The Clarity Act is most likely to pass review by May, with an approximately 50% chance of being officially enacted within the year.



According to market sources, the legislative process for the Digital Asset Market Clarity Act, which is advancing in the U.S. Senate, has been delayed by several months, but there remains a path forward despite a tight legislative schedule.

Insiders say that the original plan to push the bill forward is now largely unlikely; the earliest possibility is for it to enter committee review in the Senate in May. If a Senate vote can be completed before July, the bill still has a chance to become law in 2026.

However, some analysts point out that, given the limited legislative time window and the intertwining of multiple political issues, the probability of the bill passing in 2026 is about 50%. If significant disagreements re-emerge among negotiators later, there is a risk of further delays or even shelving.

Although cryptocurrency lobbying groups are eager for legislation to take effect immediately, industry campaign donors remain cautious about bipartisan support, and many politicians who favor enactment will only be able to take office in Congress next year.

But if the Clarity Act successfully becomes law at that time, the cryptocurrency industry may still face a series of urgent legislative issues, such as tax reform and establishing a federal Bitcoin reserve, which will test the balance between industry development and regulatory policy.
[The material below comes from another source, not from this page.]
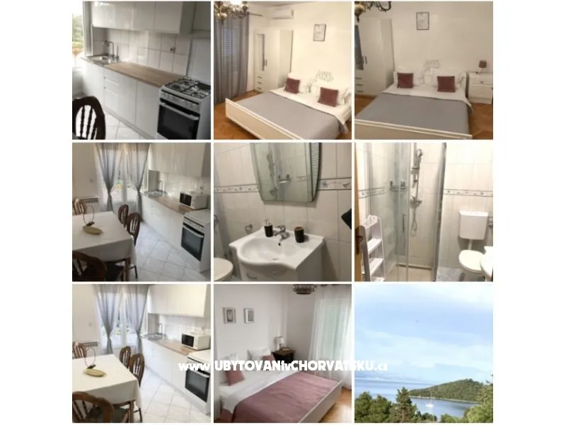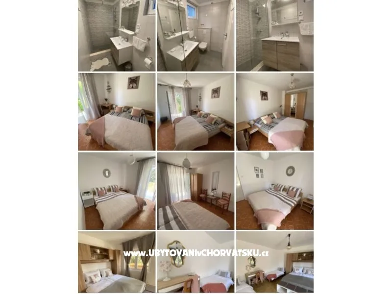 Hostům jsou k dispozici 3 prostranné apartmány a pokoje: 1 Apartmá – 50 m2 (3+2 postele) se skládá z třilůžkové ložnice a ze 1 dvojlůžkového pokoje, kuchyňského přístavku s plným vybavením, koupelny, balkónu s pohledem na moře, tv-sat, klimatizace, parkoviště. 2 Apartmá – 50 m2 (3+2 postele) se skládá z třilůžkové ložnice a z obývacího pokoje s možností 2 lůžek. Je zde...
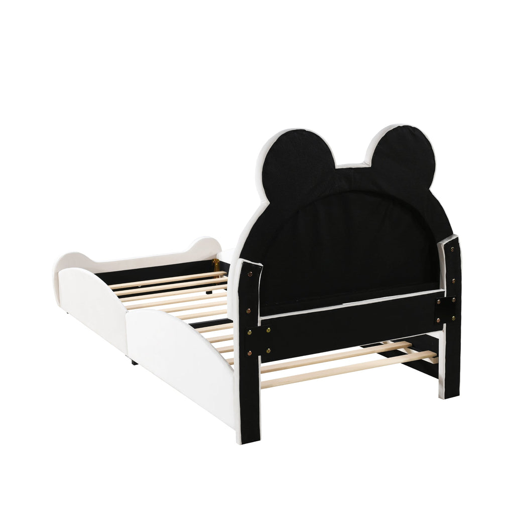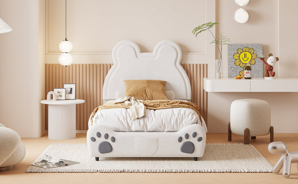 Upholstered Bed, Children's 90x200cm Bear-Shaped, White Velour

In summary, the Clarity Act is currently at a critical turning point. Despite significant challenges and time pressures, there is still a possibility of passing the bill in 2026.

The coming weeks will be a decisive phase, with markets closely watching the review process of the bill text and the final publication date of the bill.

Currently, disputes over stablecoin yields remain the main obstacle to advancing the bill, while the banking sector still holds a relatively advantageous position in this debate.